Sylviane Deferne (born 1965 in Geneva, Switzerland) is a Swiss pianist and musician.

==Early musical education==
Deferne started studying the piano in the Geneva Conservatory of Music of her hometown of Geneva, and she soon won first prize of virtuosity with distinction. She won several international competitions, including first prize unanimously at the Frank Martin Competition in the Netherlands, and second prizes in the international competitions at William Kapell in the United States and in Cologne, Germany.

==Career==
Deferne has had engagements as a soloist in Europe and the US. She has partnered in ensembles including Orchestre de la Suisse Romande, the Orchestre de Chambre de Lausanne, National Symphony Orchestra in Washington, D.C., and the Montreal Symphony Orchestra.

==Recordings==
Recordings have been made under the labels of Cascavelle and R.E.M. Under the Decca label, the Concerto for Two Pianos by Poulenc was recorded in collaboration with Pascal Rogé and the New Philharmonia of London, conducted by Charles Dutoit. She had three discs produced by Radio-Canada.

==Performances==
Reviews on her interpretation of music by Bach, Schubert, Brahms, Karol Szymanowski, Chopin, Grieg and Rachmaninoff have been published.

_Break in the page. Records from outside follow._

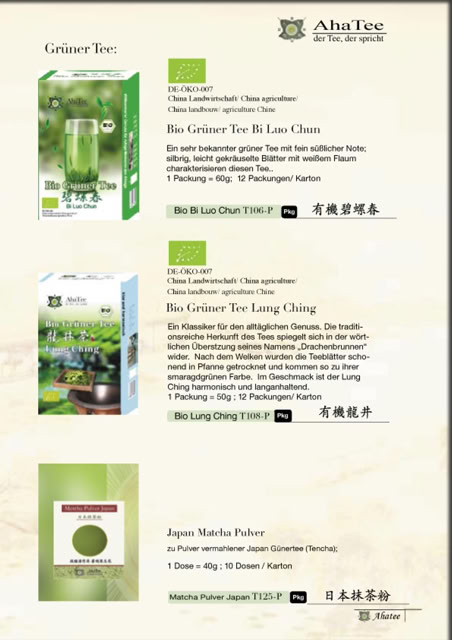 Über Jahrtausende hat sich die chinesische Teekultur geformt und verfeinert und eine Diversität von Teesorten hervorgebracht. Ob Grüner Tee, Oolong Tee, Weißer Tee, Pu Erh Tee, Jasmin Tee, Schwarzer Tee, Artisan Tee oder Matcha Pulver, unser Sortiment bietet eine Vielzahl von Tee Spezialitäten aus dem asiatischen Raum. Neben den klassischen Teeblättern präsentieren wir außerdem Teeblumen, sowie eine breite Auswahl von Teezubehör, feinen Teetischen und Geschirr für die Teezeremonie.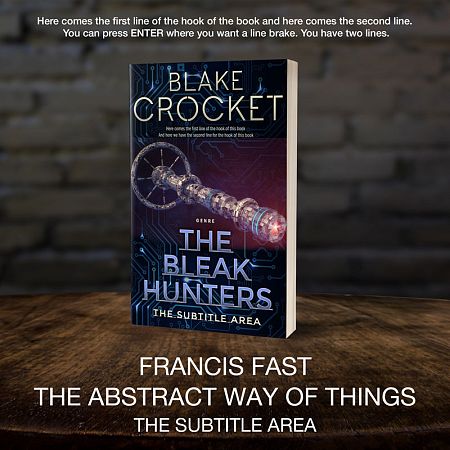This book cover has 3 lines for the title, 1 line for the subtitle, 2 lines for the author, 2 lines for the hook, and finally 1 line for the genre.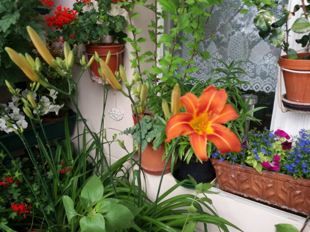 Zwölf Stiele Taglilie. In einem Sommer waren es mal achtzehn. Und wieder nur zwei Maiglöckchen. Aber oft waren es nur Maiblättchen. Der Balkon sieht gut aus. Ich brauche Blumenerde. Da ich gerade beim Frisör war, könnte ich langsam zum Blumenladen schlendern, in der Hoffnung, dass mich ein netter Herr anspricht und zum Kaffee einlädt. – Aber gern, ich muss nur vorher einen Sack Blumenerde kaufen. Den nimmt er mir dann höflicherweise ab. – Also ich schlendere los … nichts … weiter zu Passage … nichts. – Dann eben die teure kleine Portion, die ich allein trage kann, 10 Liter. – Das schaffe ich mit links.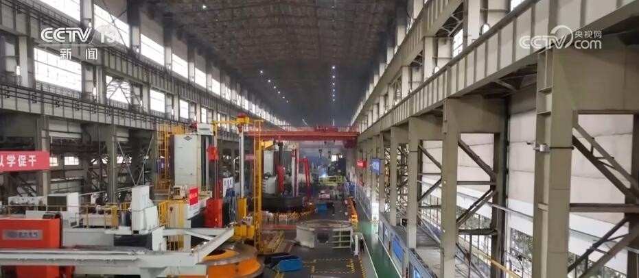 總臺記者 蔣林:我現(xiàn)在就是在位于四川德陽的東方電機的生產(chǎn)車間,這里也是目前中國最為重要的能源裝備的制造基地?,F(xiàn)在一天全國所發(fā)的電量里面,每4度有1度就來自于這里的設備。而且根據(jù)我們掌握的最新的生產(chǎn)數(shù)據(jù),也能夠感覺到目前中國能源發(fā)展的新趨勢。截止到2023年的6月底,在過去一年當中,這里所生產(chǎn)的設備里有90%都是清潔能源的設備。比如,我身旁的這個大家伙,它是華龍一號發(fā)電機組的轉軸,而像這樣的大塊頭在這個廠房里面比比皆是。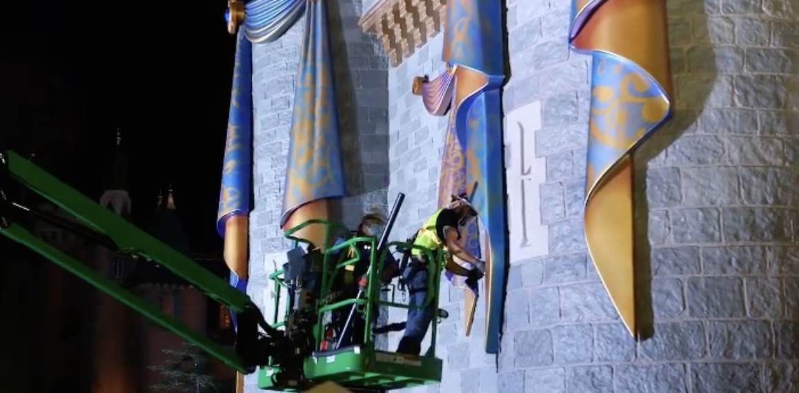 - Zach Riddley, Walt Disney World Portfolio Executive at Imagineering, shared a video showing the last bit of bunting and décor being added to Cinderella Castle for the 50th-anniversary celebration.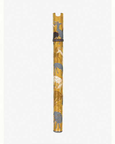 Designated Important Cultural Property FLUTE CASE WITH DESIGN OF DEER, MAKIE LACQUER, PEWTER AND MOTHER-OF-PEARL INLAYFLOWERS IN VASE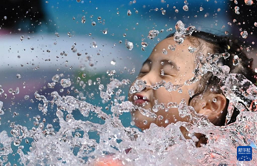 7月12日,小朋友在山東省棗莊市一家水上樂園戲水。(新華社發(fā) 李志軍 攝)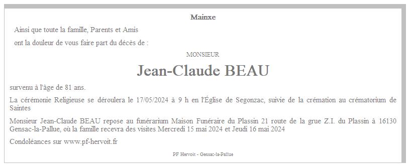 de Monsieur Jean-Claude BEAU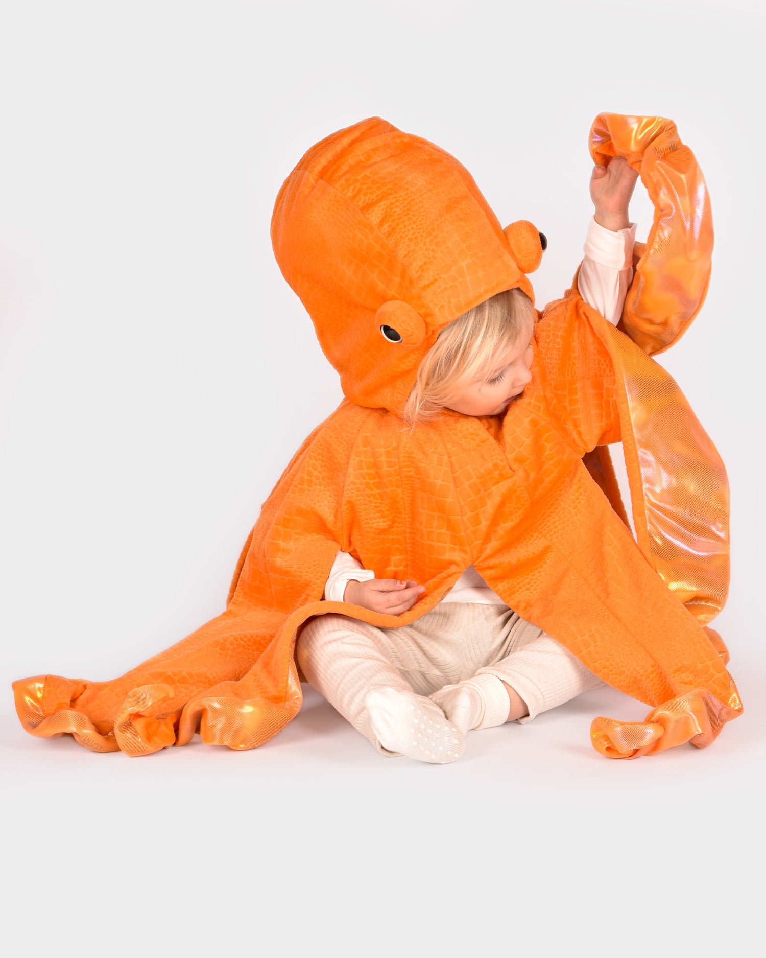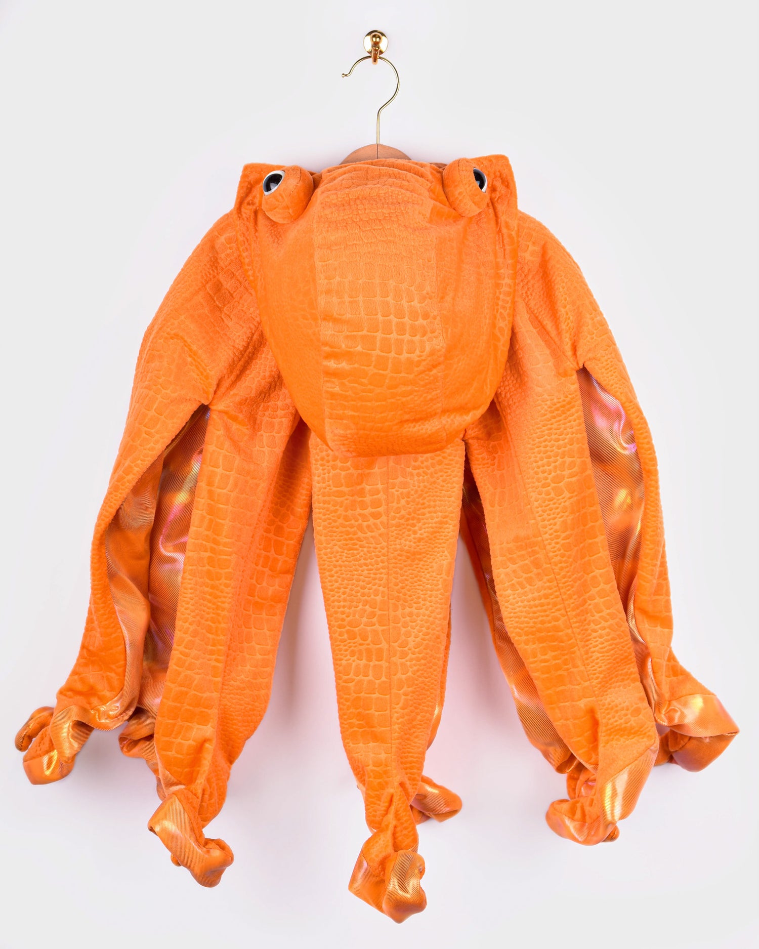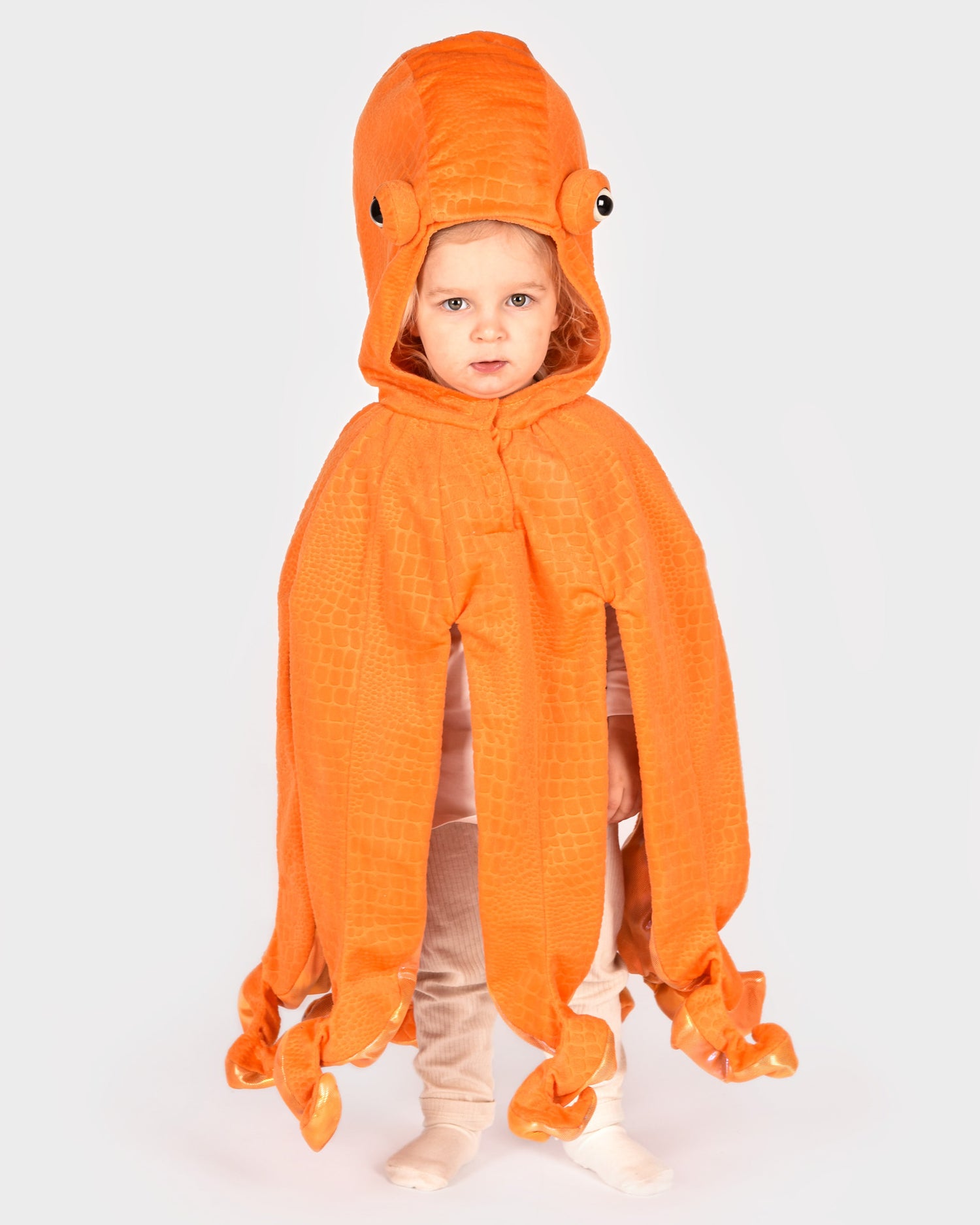 Das orangefarbene Oktopus Kostüm von Robetoy ist speziell für Kinder im Alter von 2-4 Jahren mit einer Größe von 98-104 cm konzipiert.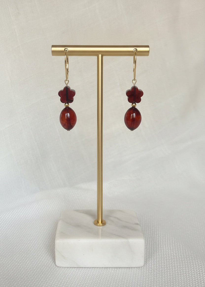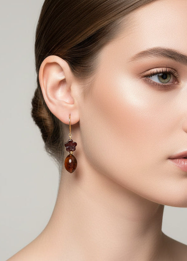 Lassen Sie sich von diesen bezaubernden Ohrringen verzaubern: Authentischer baltischer Bernstein in sattem Kirschrot mit herrlicher Transparenz trifft auf kunstvolle Verarbeitung. Das doppelte Steindesign mit modernem Blütenschliff und ovalen Pflaumenformen schafft eine einzigartige Ästhetik. Veredelt mit vergoldetem 925er Silber und elegantem englischen Verschluss – ein Statement-Piece für Frauen mit Geschmack und Stilbewusstsein, die Natur und Handwerk lieben.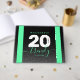 Celebrate the big two oh with this stylish modern design, which features striking block and handwritten lettering set on a rich black to smoky grey background and mint green borders.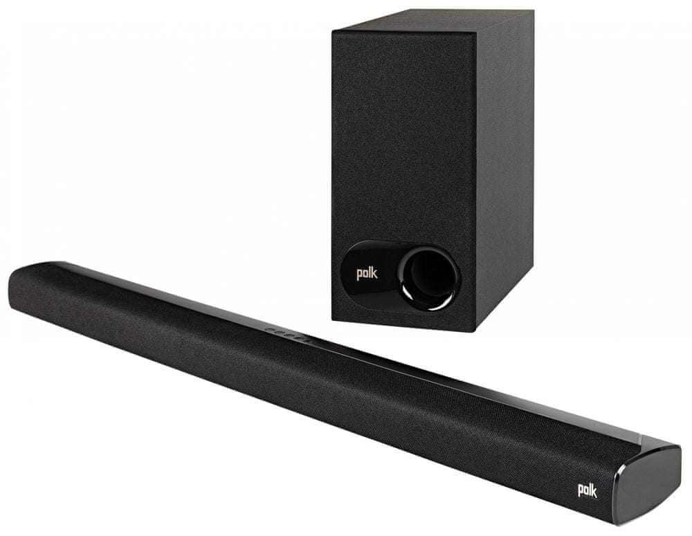 Запатентованная технология Polk Voice Adjust обеспечивает чистоту и ясность диалогов, декодирование Dolby Digital гарантирует реалистичный и эффективный объемный звук, а прилагаемый беспроводной сабвуфер восхищает глубина баса. Передавайте любимую музыку через Bluetooth®.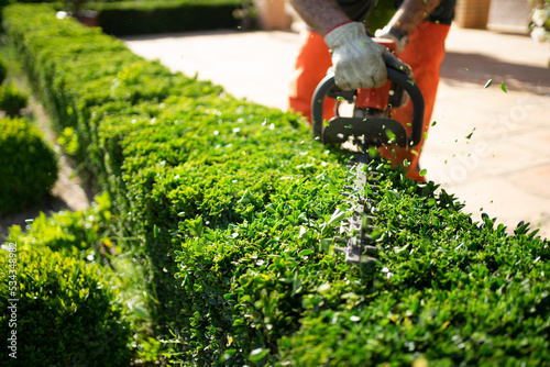 Home and garden concept. Hedge trimmer in action. Shrub trimming work.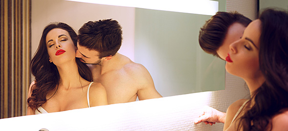 Ναι, ο καθρέφτης λειτουργεί για έναν περίεργο λόγο σαν αφροδισιακό. Βάλτε τα πιο σέξι εσώρουχά σας και στηθείτε και οι δύο μπροστά απ’ τον καθρέφτη. Αγγίξτε ο ένας τον άλλον, φιληθείτε παθιασμένα και αφήστε τον να σας γδύσει και να εξερευνήσει το σώμα σας με τα δάχτυλά του ενώ σας βλέπει και στον καθρέφτη. Είναι ένα είδος δικού σας αισθησιακού πορνό που θα τον απογειώσει.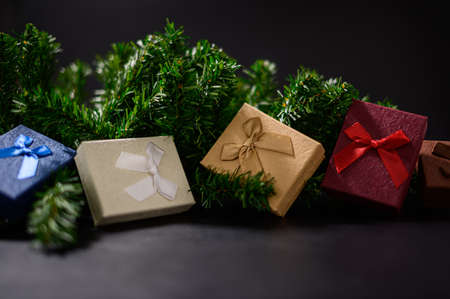 Colorful gift boxes on black background. Christmas and New Year concept.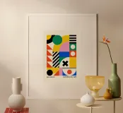 Vibrante stampa del manifesto della mostra Bauhaus del 1923. Presenta una dinamica composizione geometrica astratta con cerchi, quadrati, triangoli e altre forme in colori audaci e contrastanti. Rappresenta le diverse esplorazioni del design dell'iconica mostra. File artistico digitale di alta qualità (7000x5000px, 300 dpi) per riproduzioni straordinarie. Perfetta arte da parete colorata retrò e moderna.

Deferne has toured in Germany, France, Romania, Korea, Canada and various cities in Switzerland. She also plays chamber music; with the Trio Ceresio, which she joined in 2007, she regularly performs in Switzerland, and toured in Japan.

In May 2008, Deferne was invited to perform as a soloist with the Orchestra della Svizzera Italiana in Switzerland, with the Concerto No.1 by Frank Martin. She teaches classes of professional piano at the Haute Ecole de Musique in Geneva in the Conservatories at Neuchâtel and Geneva.